## Your instructions
The lines to reproduce from the material below are those from the one containing "on a railway" through the one containing "Evans, Birmingham, England, tall", both included; write them out exactly and add nothing.

## Record set
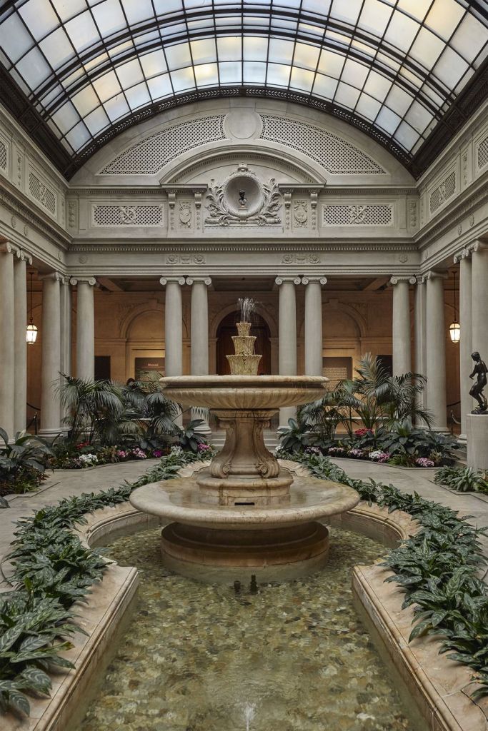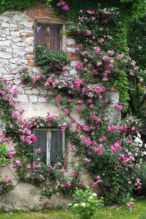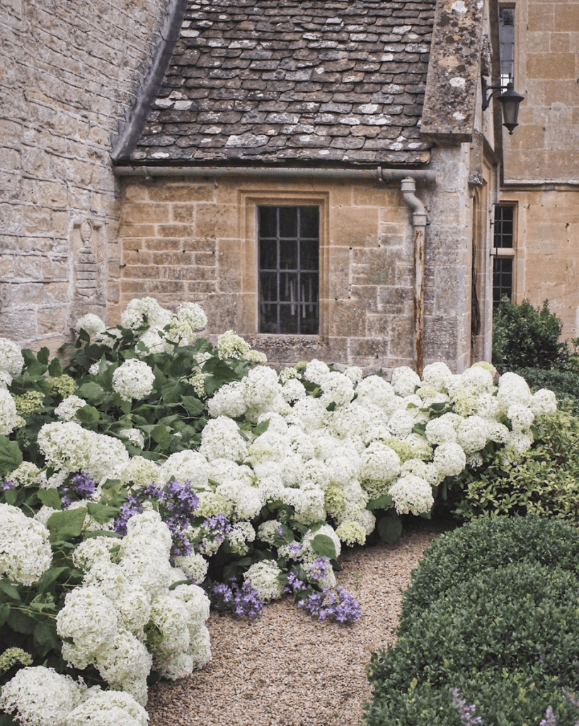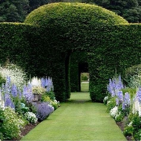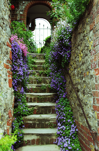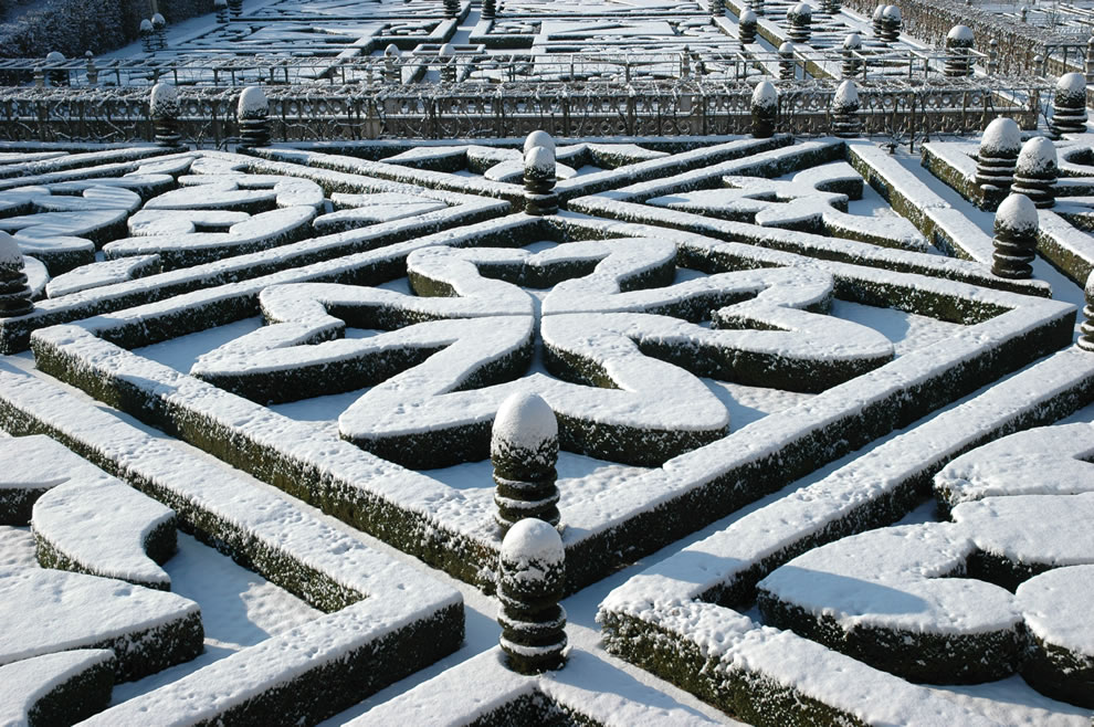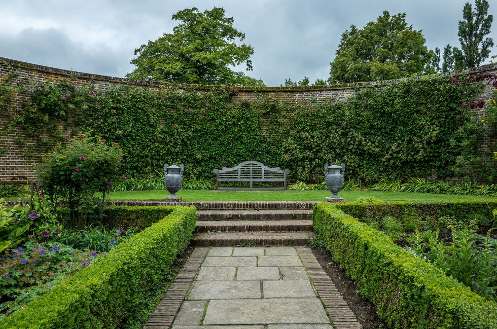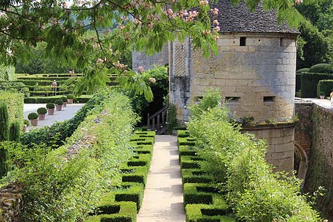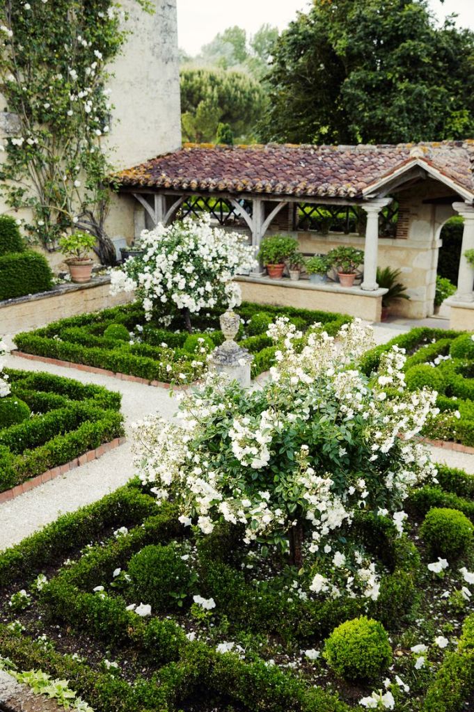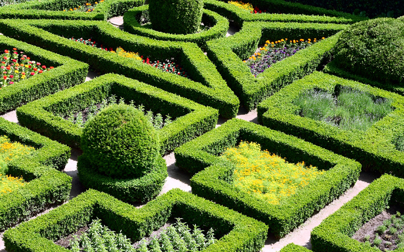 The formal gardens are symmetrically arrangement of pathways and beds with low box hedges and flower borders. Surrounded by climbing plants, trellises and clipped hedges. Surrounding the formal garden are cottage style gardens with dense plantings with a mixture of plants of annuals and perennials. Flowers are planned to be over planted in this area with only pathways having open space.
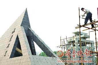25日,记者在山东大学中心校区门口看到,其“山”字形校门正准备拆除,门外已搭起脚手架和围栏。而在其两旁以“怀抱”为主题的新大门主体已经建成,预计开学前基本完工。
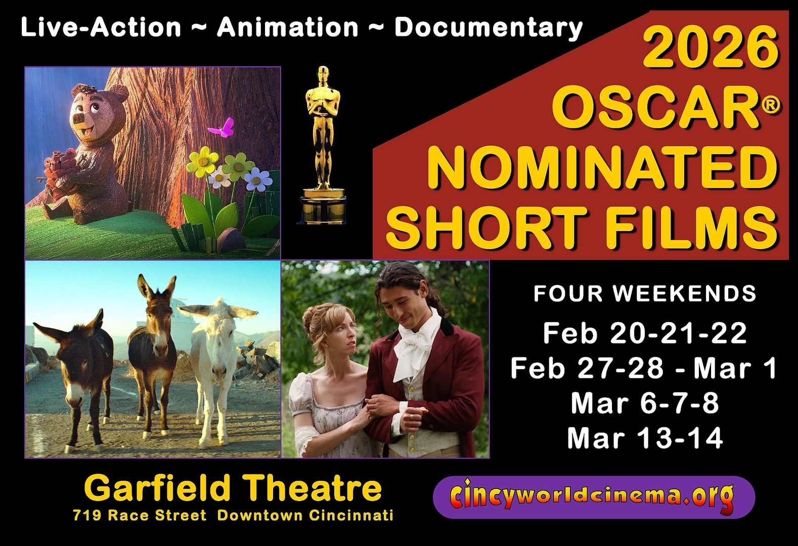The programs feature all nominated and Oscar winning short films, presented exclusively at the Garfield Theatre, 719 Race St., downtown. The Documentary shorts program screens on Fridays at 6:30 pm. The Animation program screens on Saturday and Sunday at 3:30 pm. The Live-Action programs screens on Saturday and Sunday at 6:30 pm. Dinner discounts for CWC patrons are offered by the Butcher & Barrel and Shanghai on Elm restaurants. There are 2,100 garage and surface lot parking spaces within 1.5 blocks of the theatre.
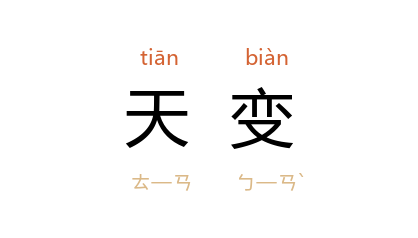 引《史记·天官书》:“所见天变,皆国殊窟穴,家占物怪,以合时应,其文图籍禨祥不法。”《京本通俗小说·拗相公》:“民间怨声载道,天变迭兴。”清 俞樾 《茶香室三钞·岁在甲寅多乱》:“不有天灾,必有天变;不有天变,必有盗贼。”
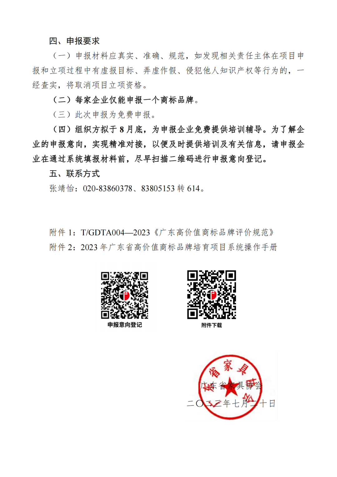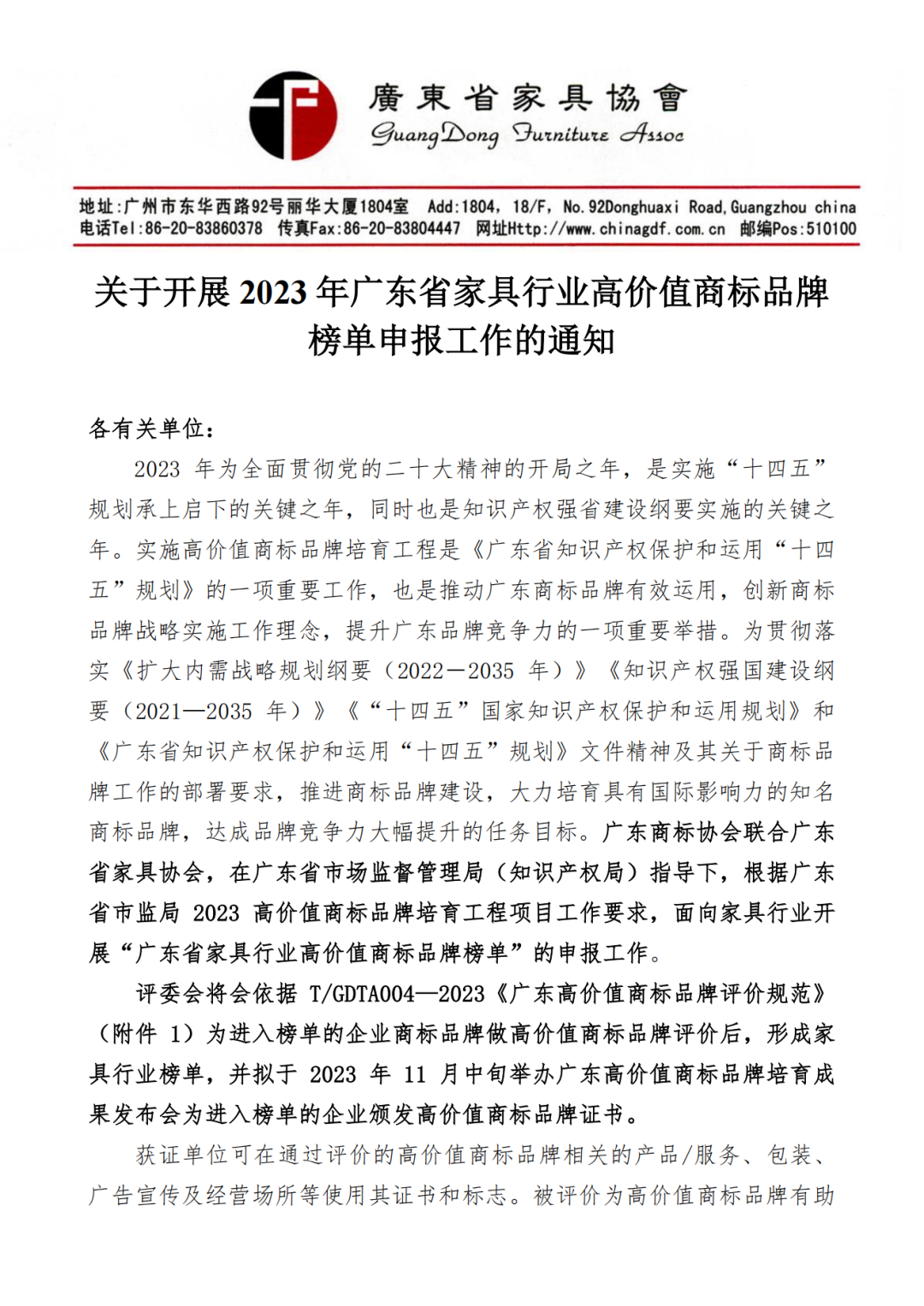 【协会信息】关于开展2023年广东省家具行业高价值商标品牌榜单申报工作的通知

==

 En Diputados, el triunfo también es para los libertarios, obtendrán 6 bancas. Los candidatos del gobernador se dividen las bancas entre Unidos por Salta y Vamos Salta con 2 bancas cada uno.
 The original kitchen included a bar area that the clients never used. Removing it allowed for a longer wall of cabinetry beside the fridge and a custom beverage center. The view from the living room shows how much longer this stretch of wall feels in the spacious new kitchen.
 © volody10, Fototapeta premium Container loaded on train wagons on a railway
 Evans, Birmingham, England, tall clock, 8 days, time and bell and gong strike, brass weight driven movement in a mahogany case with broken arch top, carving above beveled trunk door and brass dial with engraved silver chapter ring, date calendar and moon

## Result below
 © volody10, Fototapeta premium Container loaded on train wagons on a railway
 Evans, Birmingham, England, tall clock, 8 days, time and bell and gong strike, brass weight driven movement in a mahogany case with broken arch top, carving above beveled trunk door and brass dial with engraved silver chapter ring, date calendar and moon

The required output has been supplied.